The TUC defines “middle income Britain” as the fifth of the population straddling median income, the level that divides the population in two. Median household income was £377 a week, just under £20,000 a year, in 2007.

Median earners have seen their income rise by less than the average, or mean, income over the past 30 years, the TUC says. The mean is calculated by dividing total incomes by the number of people in the UK.

Since 1979 the income of median earners has risen by 60 per cent, while much bigger increases for the better-off have pushed up mean earnings by 78 per cent, according to the report.

While median income fell behind more sharply under the Conservatives as society became more unequal, the TUC says the gap has grown under Labour. Mean net household income in 2007 stood at £463 a week, 23 per cent higher than the median.

“Middle income Britons” who have jobs are concentrated in white-collar and skilled manual roles, including dispatch clerks, retail managers, information technology workers and teaching assistants.

Their experience of life is likely to be marked by econ­omic insecurity – rather like members of the struggling middle class in the US who have been dubbed “the anxious middle” by economists.

Compared with those just above them on the income scale, median earners are less likely to have had a university education, to enjoy a final salary pension scheme, to hold shares or to have significant savings. They are more likely to have experienced unemployment.

They are frustrated, says a YouGov survey for the report. While they have aspirations for more fulfilling work and better living standards, they feel keenly their inability to fulfil society’s rising expectations. Four in 10 people on median incomes believe their job has a lower status than their father’s.

Stewart Lansley, the report’s author, said one of the big failings of the past 30 years was that the middle income Britain of the 1970s and 1980s had not been transformed into the well-to-do middle Britain of politicians’ recent imagination.

“Maybe because of this, middle income Britain holds noticeably different values than those above them in the income hierarchy. They are more pro-state and strongly support government action to tackle in­equality,” he said.

Flashback: Cameron ready for “unpopular” rule

Lest you think David Cameron has become a radical constitutional reformer, what with his talk of fixed-term parliaments – only maybe, he’ll think about it – recall his speech at last year’s Tory conference:

Preparing the party for a hard grind in government, he insisted he had “the grit and determination to impose discipline on government spending, keep our nerve and say ‘No’ – even in the teeth of hostility and protest”.

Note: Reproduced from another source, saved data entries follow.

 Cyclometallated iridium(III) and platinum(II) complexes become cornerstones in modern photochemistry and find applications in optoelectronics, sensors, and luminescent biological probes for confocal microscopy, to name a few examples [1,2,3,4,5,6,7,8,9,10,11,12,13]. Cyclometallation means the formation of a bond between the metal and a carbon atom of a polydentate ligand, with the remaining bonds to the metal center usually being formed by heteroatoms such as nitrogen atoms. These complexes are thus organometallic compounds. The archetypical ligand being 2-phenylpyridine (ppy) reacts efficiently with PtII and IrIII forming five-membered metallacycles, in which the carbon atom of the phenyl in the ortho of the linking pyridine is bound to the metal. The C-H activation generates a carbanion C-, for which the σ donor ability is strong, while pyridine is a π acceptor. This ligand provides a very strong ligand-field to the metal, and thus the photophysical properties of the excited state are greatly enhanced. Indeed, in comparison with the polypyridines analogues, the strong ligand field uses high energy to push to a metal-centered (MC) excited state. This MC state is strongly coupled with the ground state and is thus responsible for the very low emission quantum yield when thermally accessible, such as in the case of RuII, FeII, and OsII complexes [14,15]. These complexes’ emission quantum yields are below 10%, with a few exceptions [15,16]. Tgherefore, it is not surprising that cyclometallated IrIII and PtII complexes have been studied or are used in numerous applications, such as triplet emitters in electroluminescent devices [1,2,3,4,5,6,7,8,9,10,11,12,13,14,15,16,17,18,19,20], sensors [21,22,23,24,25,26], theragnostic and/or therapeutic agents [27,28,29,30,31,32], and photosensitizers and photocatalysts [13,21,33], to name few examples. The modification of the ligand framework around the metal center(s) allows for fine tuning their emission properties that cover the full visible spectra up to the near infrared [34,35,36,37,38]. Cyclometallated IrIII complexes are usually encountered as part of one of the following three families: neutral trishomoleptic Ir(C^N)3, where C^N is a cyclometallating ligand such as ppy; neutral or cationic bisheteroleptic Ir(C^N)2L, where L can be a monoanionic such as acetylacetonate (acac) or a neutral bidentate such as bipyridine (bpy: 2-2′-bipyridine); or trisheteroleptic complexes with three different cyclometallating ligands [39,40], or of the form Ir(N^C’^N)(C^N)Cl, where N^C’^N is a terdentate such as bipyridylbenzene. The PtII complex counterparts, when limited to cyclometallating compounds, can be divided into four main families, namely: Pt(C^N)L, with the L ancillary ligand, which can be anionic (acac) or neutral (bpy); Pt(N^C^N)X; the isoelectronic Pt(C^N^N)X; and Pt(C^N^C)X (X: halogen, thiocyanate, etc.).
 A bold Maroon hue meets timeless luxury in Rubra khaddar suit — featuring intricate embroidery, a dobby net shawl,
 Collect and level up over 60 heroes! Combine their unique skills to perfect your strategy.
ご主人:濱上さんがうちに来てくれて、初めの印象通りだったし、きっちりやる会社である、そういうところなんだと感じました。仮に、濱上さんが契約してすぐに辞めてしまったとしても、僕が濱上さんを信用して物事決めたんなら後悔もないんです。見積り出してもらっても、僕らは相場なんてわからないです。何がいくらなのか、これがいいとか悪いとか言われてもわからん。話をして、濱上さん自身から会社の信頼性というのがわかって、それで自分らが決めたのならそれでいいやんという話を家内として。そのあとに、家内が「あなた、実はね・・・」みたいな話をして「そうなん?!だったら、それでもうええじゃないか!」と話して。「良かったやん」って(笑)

Mr Cameron’s speech, largely stripped of jokes and partisan attacks on Mr Brown, was designed to reflect the mood of the times. Unlike his “walk-about” speech at last year’s conference, he spoke at a podium with notes.

The connecting strand of Mr Cameron’s vision was the building of a “responsible” society, although at times the speech was disjointed and was clearly the result of a rapid rewriting exercise to take account of the fast-changing financial environment.